#### [AIM OF THE EXERCISE]
Restate word for word the entries below, starting with the line with "Bitot's plet. Udtørring" and continuing through the line with "36 022 : SBB". Include both of those lines and no others.

#### [RECORDS SUPPLIED]
__________
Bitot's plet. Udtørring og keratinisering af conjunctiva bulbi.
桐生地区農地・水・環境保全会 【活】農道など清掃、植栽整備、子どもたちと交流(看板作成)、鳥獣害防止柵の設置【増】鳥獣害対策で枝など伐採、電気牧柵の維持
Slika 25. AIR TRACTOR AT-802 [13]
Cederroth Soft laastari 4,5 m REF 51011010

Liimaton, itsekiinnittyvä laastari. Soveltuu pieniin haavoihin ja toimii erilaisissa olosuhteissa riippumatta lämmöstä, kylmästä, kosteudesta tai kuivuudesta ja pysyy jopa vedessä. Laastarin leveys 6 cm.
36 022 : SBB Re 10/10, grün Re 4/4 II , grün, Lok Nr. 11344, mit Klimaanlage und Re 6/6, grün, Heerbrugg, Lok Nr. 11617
__________
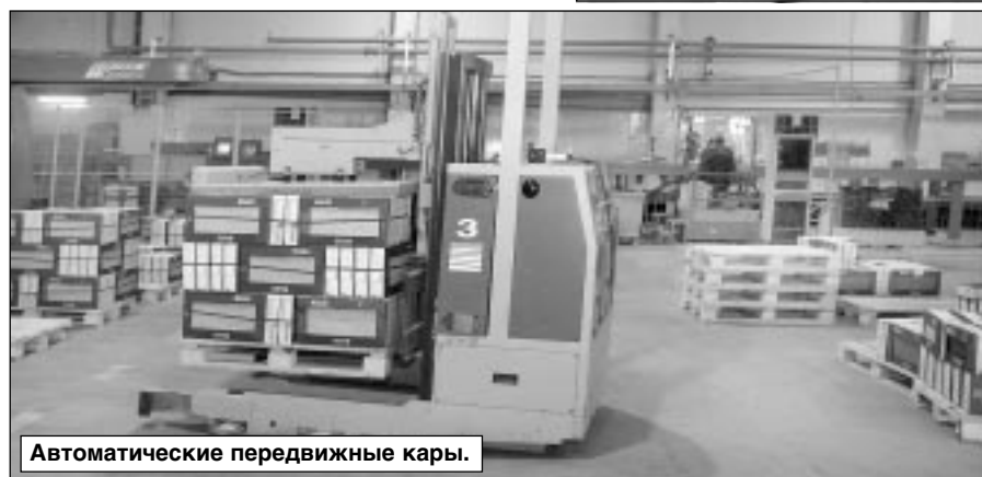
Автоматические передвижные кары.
__________
#### [OUTPUT]
Bitot's plet. Udtørring og keratinisering af conjunctiva bulbi.
桐生地区農地・水・環境保全会 【活】農道など清掃、植栽整備、子どもたちと交流(看板作成)、鳥獣害防止柵の設置【増】鳥獣害対策で枝など伐採、電気牧柵の維持
Slika 25. AIR TRACTOR AT-802 [13]
Cederroth Soft laastari 4,5 m REF 51011010

Liimaton, itsekiinnittyvä laastari. Soveltuu pieniin haavoihin ja toimii erilaisissa olosuhteissa riippumatta lämmöstä, kylmästä, kosteudesta tai kuivuudesta ja pysyy jopa vedessä. Laastarin leveys 6 cm.
36 022 : SBB Re 10/10, grün Re 4/4 II , grün, Lok Nr. 11344, mit Klimaanlage und Re 6/6, grün, Heerbrugg, Lok Nr. 11617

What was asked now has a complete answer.